Your objective: The lines to reproduce from the material below are those from the one containing "elastic and youthful." through the one containing "12月12日,内蒙古自治区党", both included; write them out exactly and add nothing.

The data:
○ ○ ○ ○ ○ ○ ○

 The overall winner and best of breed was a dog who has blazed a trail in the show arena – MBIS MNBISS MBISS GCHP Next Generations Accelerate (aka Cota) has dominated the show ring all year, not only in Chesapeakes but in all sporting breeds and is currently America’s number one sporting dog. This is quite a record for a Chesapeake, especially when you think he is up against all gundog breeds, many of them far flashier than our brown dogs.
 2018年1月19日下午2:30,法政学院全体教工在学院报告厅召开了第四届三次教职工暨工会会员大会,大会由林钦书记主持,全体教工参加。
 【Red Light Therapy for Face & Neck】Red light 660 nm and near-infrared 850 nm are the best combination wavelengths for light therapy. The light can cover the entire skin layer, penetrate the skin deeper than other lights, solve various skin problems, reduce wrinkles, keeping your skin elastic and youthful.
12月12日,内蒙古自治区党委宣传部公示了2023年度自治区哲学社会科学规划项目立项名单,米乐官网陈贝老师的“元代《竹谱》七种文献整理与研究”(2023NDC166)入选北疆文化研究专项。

○ ○ ○ ○ ○ ○ ○

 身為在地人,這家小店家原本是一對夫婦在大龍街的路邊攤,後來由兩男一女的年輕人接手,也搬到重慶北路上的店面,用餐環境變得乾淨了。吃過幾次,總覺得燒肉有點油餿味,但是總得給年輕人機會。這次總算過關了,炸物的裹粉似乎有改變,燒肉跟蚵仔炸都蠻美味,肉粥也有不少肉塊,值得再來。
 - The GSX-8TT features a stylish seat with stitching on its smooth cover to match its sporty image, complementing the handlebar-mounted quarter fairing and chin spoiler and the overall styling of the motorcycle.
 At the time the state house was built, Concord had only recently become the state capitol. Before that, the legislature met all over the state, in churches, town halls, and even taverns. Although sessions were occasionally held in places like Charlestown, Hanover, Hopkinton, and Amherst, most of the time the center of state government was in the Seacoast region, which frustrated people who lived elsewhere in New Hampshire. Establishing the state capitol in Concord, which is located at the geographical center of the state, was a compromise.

○ ○ ○ ○ ○ ○ ○

Response:
 【Red Light Therapy for Face & Neck】Red light 660 nm and near-infrared 850 nm are the best combination wavelengths for light therapy. The light can cover the entire skin layer, penetrate the skin deeper than other lights, solve various skin problems, reduce wrinkles, keeping your skin elastic and youthful.
12月12日,内蒙古自治区党委宣传部公示了2023年度自治区哲学社会科学规划项目立项名单,米乐官网陈贝老师的“元代《竹谱》七种文献整理与研究”(2023NDC166)入选北疆文化研究专项。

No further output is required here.